— WORK REQUEST —
Extract every line of the material below and reproduce it faithfully.

— PROVIDED DATA —

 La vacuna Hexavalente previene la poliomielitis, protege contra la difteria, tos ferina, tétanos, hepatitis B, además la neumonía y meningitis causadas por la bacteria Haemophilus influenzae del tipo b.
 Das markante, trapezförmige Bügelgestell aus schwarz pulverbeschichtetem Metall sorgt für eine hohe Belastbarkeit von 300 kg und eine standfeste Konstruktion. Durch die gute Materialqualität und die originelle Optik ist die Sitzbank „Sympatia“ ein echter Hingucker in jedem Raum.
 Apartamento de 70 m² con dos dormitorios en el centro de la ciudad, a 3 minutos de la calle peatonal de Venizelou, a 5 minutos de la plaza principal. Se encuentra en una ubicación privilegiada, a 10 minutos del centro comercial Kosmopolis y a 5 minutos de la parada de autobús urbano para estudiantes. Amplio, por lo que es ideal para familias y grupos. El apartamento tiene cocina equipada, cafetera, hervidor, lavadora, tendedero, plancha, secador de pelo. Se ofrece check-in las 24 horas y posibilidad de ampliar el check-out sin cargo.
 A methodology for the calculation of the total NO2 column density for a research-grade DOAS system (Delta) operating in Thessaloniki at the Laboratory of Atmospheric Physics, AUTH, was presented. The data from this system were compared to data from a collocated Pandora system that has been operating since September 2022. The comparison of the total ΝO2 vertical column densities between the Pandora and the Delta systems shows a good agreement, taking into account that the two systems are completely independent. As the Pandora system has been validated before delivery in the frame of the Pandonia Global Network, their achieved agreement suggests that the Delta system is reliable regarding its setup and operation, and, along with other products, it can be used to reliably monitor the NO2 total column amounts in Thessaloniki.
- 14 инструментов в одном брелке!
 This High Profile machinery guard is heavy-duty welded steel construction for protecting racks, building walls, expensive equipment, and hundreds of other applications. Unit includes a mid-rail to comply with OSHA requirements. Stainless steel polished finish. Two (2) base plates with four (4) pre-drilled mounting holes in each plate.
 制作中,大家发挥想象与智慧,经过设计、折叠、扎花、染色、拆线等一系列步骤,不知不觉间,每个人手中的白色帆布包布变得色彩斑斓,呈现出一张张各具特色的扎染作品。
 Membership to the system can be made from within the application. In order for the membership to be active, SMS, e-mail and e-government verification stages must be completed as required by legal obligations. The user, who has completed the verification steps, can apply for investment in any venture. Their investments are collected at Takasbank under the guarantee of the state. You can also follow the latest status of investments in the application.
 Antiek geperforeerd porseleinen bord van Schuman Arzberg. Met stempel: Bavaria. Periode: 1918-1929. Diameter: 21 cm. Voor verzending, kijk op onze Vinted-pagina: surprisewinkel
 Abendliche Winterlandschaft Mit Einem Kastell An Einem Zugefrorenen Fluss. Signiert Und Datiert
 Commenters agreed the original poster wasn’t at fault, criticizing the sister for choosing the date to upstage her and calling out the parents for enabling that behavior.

— SOLUTION FOR THIS EXERCISE —
 La vacuna Hexavalente previene la poliomielitis, protege contra la difteria, tos ferina, tétanos, hepatitis B, además la neumonía y meningitis causadas por la bacteria Haemophilus influenzae del tipo b.
 Das markante, trapezförmige Bügelgestell aus schwarz pulverbeschichtetem Metall sorgt für eine hohe Belastbarkeit von 300 kg und eine standfeste Konstruktion. Durch die gute Materialqualität und die originelle Optik ist die Sitzbank „Sympatia“ ein echter Hingucker in jedem Raum.
 Apartamento de 70 m² con dos dormitorios en el centro de la ciudad, a 3 minutos de la calle peatonal de Venizelou, a 5 minutos de la plaza principal. Se encuentra en una ubicación privilegiada, a 10 minutos del centro comercial Kosmopolis y a 5 minutos de la parada de autobús urbano para estudiantes. Amplio, por lo que es ideal para familias y grupos. El apartamento tiene cocina equipada, cafetera, hervidor, lavadora, tendedero, plancha, secador de pelo. Se ofrece check-in las 24 horas y posibilidad de ampliar el check-out sin cargo.
 A methodology for the calculation of the total NO2 column density for a research-grade DOAS system (Delta) operating in Thessaloniki at the Laboratory of Atmospheric Physics, AUTH, was presented. The data from this system were compared to data from a collocated Pandora system that has been operating since September 2022. The comparison of the total ΝO2 vertical column densities between the Pandora and the Delta systems shows a good agreement, taking into account that the two systems are completely independent. As the Pandora system has been validated before delivery in the frame of the Pandonia Global Network, their achieved agreement suggests that the Delta system is reliable regarding its setup and operation, and, along with other products, it can be used to reliably monitor the NO2 total column amounts in Thessaloniki.
- 14 инструментов в одном брелке!
 This High Profile machinery guard is heavy-duty welded steel construction for protecting racks, building walls, expensive equipment, and hundreds of other applications. Unit includes a mid-rail to comply with OSHA requirements. Stainless steel polished finish. Two (2) base plates with four (4) pre-drilled mounting holes in each plate.
 制作中,大家发挥想象与智慧,经过设计、折叠、扎花、染色、拆线等一系列步骤,不知不觉间,每个人手中的白色帆布包布变得色彩斑斓,呈现出一张张各具特色的扎染作品。
 Membership to the system can be made from within the application. In order for the membership to be active, SMS, e-mail and e-government verification stages must be completed as required by legal obligations. The user, who has completed the verification steps, can apply for investment in any venture. Their investments are collected at Takasbank under the guarantee of the state. You can also follow the latest status of investments in the application.
 Antiek geperforeerd porseleinen bord van Schuman Arzberg. Met stempel: Bavaria. Periode: 1918-1929. Diameter: 21 cm. Voor verzending, kijk op onze Vinted-pagina: surprisewinkel
 Abendliche Winterlandschaft Mit Einem Kastell An Einem Zugefrorenen Fluss. Signiert Und Datiert
 Commenters agreed the original poster wasn’t at fault, criticizing the sister for choosing the date to upstage her and calling out the parents for enabling that behavior.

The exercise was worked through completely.